In spite of the antiquity of some of the Egyptian depictions - including a magnificent one in the temple at Denderah, of which more later - the zodiac did not begin there. Studies such as the one by E.C. Krupp (In Search of Ancient Astronomies) have emphatically stated that "all available evidence indicates that the concept of the zodiac was not native to Egypt; instead, it is believed that the zodiac was imported to Egypt from Mesopotamia," at some unknown date. Greek savants, who had access to Egyptian art and traditions, had also attested in their writings that as far as astronomy was concerned, its knowledge came to them from the "Chaldeans," the astronomer-priests of Babylonia.

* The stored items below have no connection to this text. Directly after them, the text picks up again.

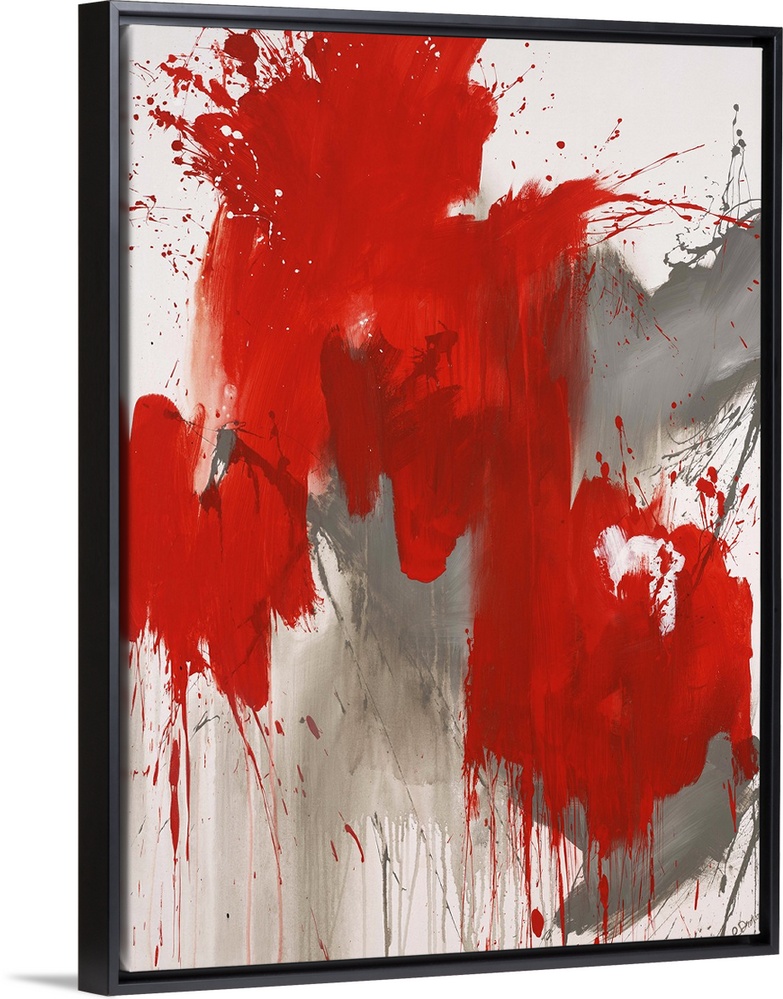 <p>Contemporary abstract painting of a giant red splash of paint smeared and splattered against a neutral background.</p>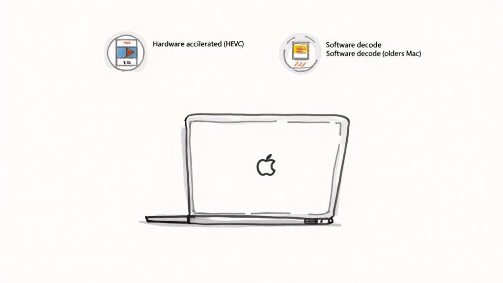 At the heart of it all is hardware acceleration. Think of it as a dedicated, super-fast assembly line built right into your Mac with just one job: decoding video. When a video uses a codec your Mac has a special chip for, playback is buttery smooth. The main processor (your CPU) barely has to lift a finger, freeing it up for everything else you're doing.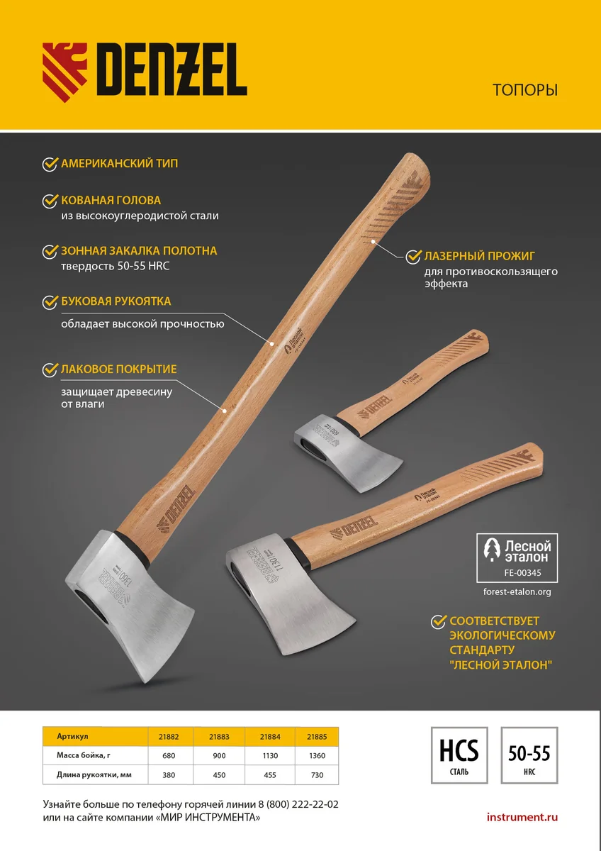 - Маркировка «Лесной эталон» — при изготовлении топорища использована древесина из сертифицированных лесов, полностью соблюдены требования, направленные на сохранение экологически ценных лесов.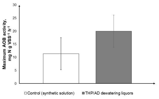Previous studies reported inhibition and operational difficulties with THP/AD dewatering liquors [5,6]. This was not observed in this study; as Figure 2 clearly shows, the ammonia removal efficiency was always 75% and it was not impacted by increasing loading rates. Additionally, the maximum AOB activity measured was 20.0 mg N g VSS−1 h−1 for THP/AD dewatering liquors and 11.4 mg N g VSS−1 h−1 (Figure 3). No inhibition was observed in the ex-situ batch experiment activity tests either, in both control (synthetic solutions) and THP/AD. Previous studies reported a reduction of AOB activity by 40–60% AOB in THP/AD [5,6], but the same was not observed in this study. Our results align with the reports by Driessen et al. (2020) [7] who demonstrated successful nitrogen removal with a granular sludge deammonification process from THP/AD dewatering liquors (NRR 1.0–2.0 kg N m−3 d−1). Hence, this study provides additional evidence that deammonification can be used as a nitrogen removal process for ammonia from THP/AD dewatering liquors and concerns about inhibition must be further investigated on a case-by-case basis.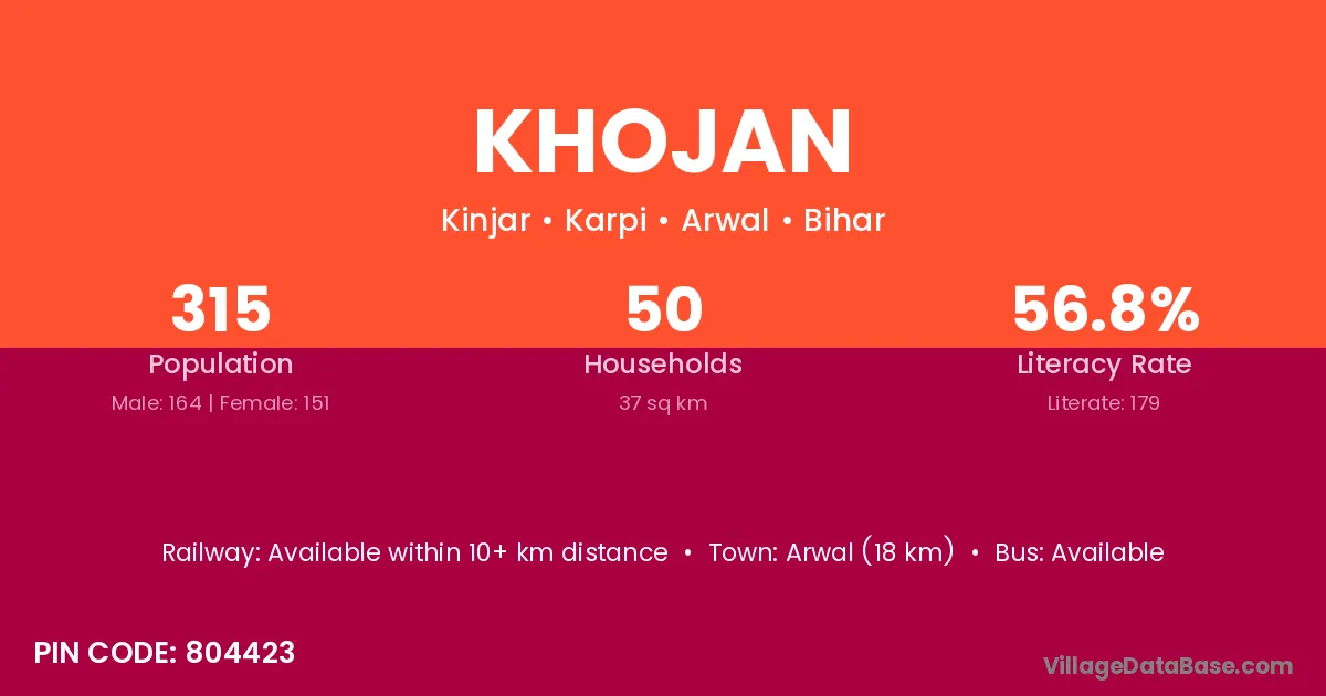 Arwal (18 km) is the nearest town to Khojan village for major economic activities and is located approximately 18 km away.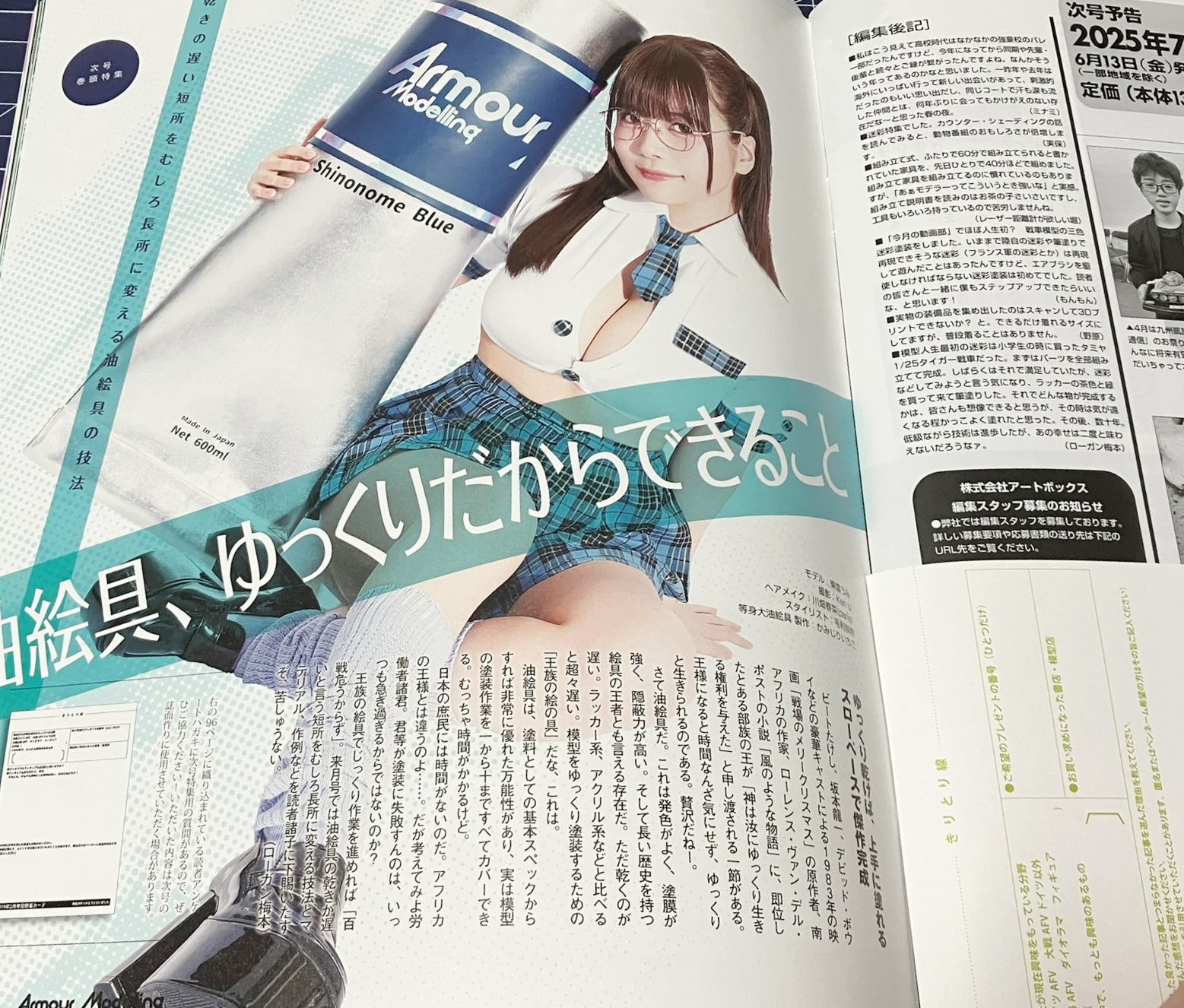 월간 아머 모델링 2025년 6월호 권두 특집 「애시당초 미채가 뭘까?」미채 도장은 어떤 색으로 칠할 것인지, 어떤 패턴으로 할 것인지, 어떤 재료를 사용할 것인지…등, 생각할 것들이 많아집니다. 본 호의 권두 특집에서는 그런 고민을 조금이라도 해소할 수 있는 방법을 전수. 미채 도장 전에 생각해야 할 4가지 사항과 붓칠, 에어브러쉬 등 재료 별 방법을 해설. 또한 어렵다고 하는 가는선을 이용한 에어브러시 미채 도장 요령을 소개! 이와 더불어 미채가 언제 생겨나 활용되어 왔는지, 애초에 '미채'의 정의란?이라는 지적 호기심을 자극하는 읽을거리도 준비. 읽고 나면 미채 도장이 하고 싶어지는! 더불어 AM 오디션 2026의 테마도 발표.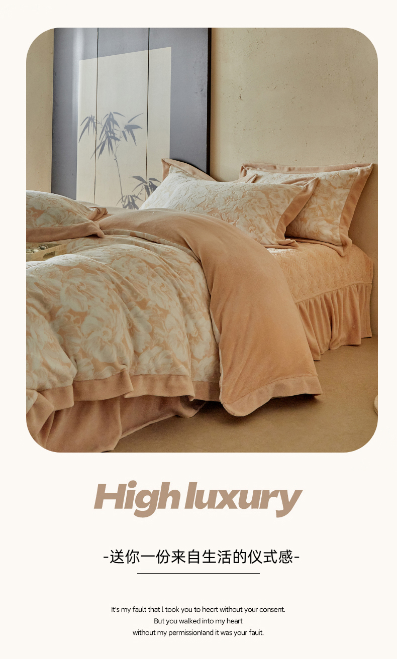 商品名称:孑寐家纺 2025新款宽边拼角雕花绒床盖四件套 花夕颜-粉色
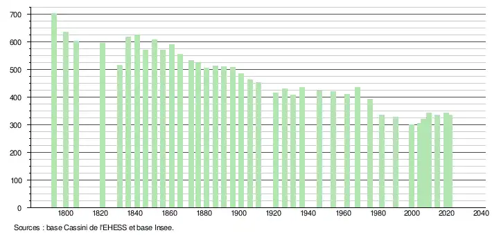 L'évolution du nombre d'habitants est connue à travers les recensements de la population effectués dans la commune depuis 1793. Pour les communes de moins de 10 000 habitants, une enquête de recensement portant sur toute la population est réalisée tous les cinq ans, les populations légales des années intermédiaires étant quant à elles estimées par interpolation ou extrapolation[13]. Pour la commune, le premier recensement exhaustif entrant dans le cadre du nouveau dispositif a été réalisé en 2004[14].
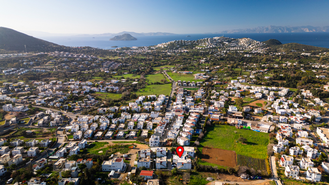 Evin bulunduğu sokak, ana cadde olan Gümüşlük Caddesi’ne yakınlığı sayesinde ulaşımı kolay; buna karşın cadde gürültüsünden içerde kalması nedeniyle sakin ve yerleşik bir dokuya sahiptir. Bu özellik, bölgeyi “yaz-kış yaşanabilir konut lokasyonu” açısından avantajlı kılar.

Archaeologists have found Babylonian astronomical tab-lets clearly marked off into twelve parts, each with its pertinent zodiacal symbol (Fig. 91). They may well represent the kind of sources that the Greek savants studied. Pictorially, however, the celestial symbols were carved on stones within a heavenly circle.

Fig. 91

 

Almost two thousands years before the circular zodiac of Bet-Alpha, Near Eastern rulers, especially in Babylon, invoked their Gods on treaty documents; boundary stones (Kudurru) were emblazoned with the celestial symbols of these Gods - planets and zodiacs - within the heavenly circle, embraced by an undulating serpent that represented the Milky Way (Fig. 92).

Fig. 92

 

The zodiac, however, was begun, as far as Mankind is concerned, in Sumer. As we have undisputably shown in The 12th Planet, the Sumerians knew of, depicted (Fig. 93a) and named the zodiacal houses exactly as we still do six thousand years later:

  • GU.ANNA ("Heavenly Bull") - Taurus.

  • MASH.TAB.BA ("Twins") - Gemini.

  • DUB ("Pincers, Tongs") - the Crab (Cancer).

  • UR.GULA (''Lion") - Leo.

  • AB.SIN ("Whose Father was Sin") - the Maiden (Virgo).

  • ZI.BA.AN.NA ("Heavenly Fate") - the scales of Libra.

  • GIR.TAB ("The Clawer, the Cutter") - Scorpio.

  • PA.BIL ("Defender") - Archer (Sagittarius).

  • SUHUR.MASH ("Goat-fish") - Capricorn.

  • GU ("Lord of the Waters") - the Water Bearer (Aquarius).

  • SIM.MAH ("Fishes") - Pisces.

  • KU.MAL ("Field Dweller") - the Ram (Aries).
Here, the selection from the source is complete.